The preferred embodiment contemplates three modes of operation of
the control centers of the two subsystems. The first mode of
operation is the normal operation of a subsystem's control center,
in which instructions are extracted from the Control Store under
control of the addressing circuits, and applied to the Subcommand
Generator of the subsystem. In the diagnostic and verification
procedures, this mode of operation is used for self-verification of
a limited amount of control center apparatus. Typically, the
self-verification is performed for both subsystems in an effort to
establish a general location of the fault condition. Localization
of a detected fault condition can, however, be frustrated by the
presence of the fault condition. The second mode of operation
occurs when a first control center, in a master state, controls the
activity of a second subsystem, in a slave state. In the preferred
embodiment instruction from the Control Store of the control center
in the master state are applied to the Subcommand Generator of the
subsystem in the slave state. This transfer of instruction occurs
over the Control Bus 20 of the present invention, which consists of
two data transfer buses between the Control Store Memory Local
Register of one subsystem with the Subcommand Generator of the
other subsystem. If the instruction formats of the two subsystems
are different, buffering between the two subsystems can be required
as will be apparent to one skilled in the art. In the preferred
embodiment, the Subcommand Generator of the slave subsystem can
also receive orders from the associated control store when the
master subsystem is not supplying instructions to the slave
Subcommand Generator. The third mode of operation of the two
control centers involves the extraction of instructions from the
Control Store of the subsystem in the master state for application
to both the master state Subcommand Generator and the slave state
Subcommand Generator. This mode of operation is employed for
diagnosing parts of the data processing unit that involve
instruction between both the IOC and the CPU. In the preferred
embodiment, this mode of operation employs the CPU as the master,
the CPU containing the more powerful and flexible control
apparatus.
The CPU and IOC diagnostic subcommand generators are used to
control diagnostic actions such as; bus transfers, clocking,
control store cycling, integrity check collection and control of
various diagnostic states and modes. The actions generated are
divided into two categories: internal and external. Internal
actions are those diagnostic actions, both control and data
transfer, that a subsystem can perform within itself without direct
effect upon the other subsystem. External actions are those
diagnostic actions, both control and data transfer, that one unit
can force the other subsystem to perform. There are some diagnostic
actions that can be generated both internally and externally. The
generation of external actions is limited to the subsystem
controlling the diagnostic process at any given point in the
process. This controlling subsystem is in master state. The
diagnostic process is designed to prevent more than one unit being
in master state with its clocking on at any given time.

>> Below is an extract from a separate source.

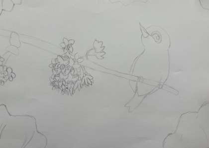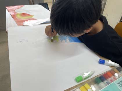 季節をイメージして、実際に学校の敷地を探して写真を撮ったものと、季節のイメージを合わせて自分だけの季節を感じる絵を描きました。完成するのがとても楽しみですね。

The use of the independent Integrity Check Collection apparatus for
the two subsystems simplifies another aspect of the diagnostic
problem. The identification of an error condition arising in one
subsystem causes control of the diagnostic procedure to be placed
with the subsystem for which an error condition has not been
detected. Moreover, the response of the data processing unit to an
error condition detected in the master state subsystem is different
from the response to an error detected in the slave state
subsystem. It is therefore expedient to separate the error
detection and collection apparatus associated with the two
subsystems.
In the preferred embodiment, a System Diagnostics Panel is employed
which displays the information available from either of the
Diagnostic Memory Registers. In addition, this Panel contains
manual switches for establishing the operational mode of the data
processing unit, (i.e. Normal mode, diagnostic mode, etc.).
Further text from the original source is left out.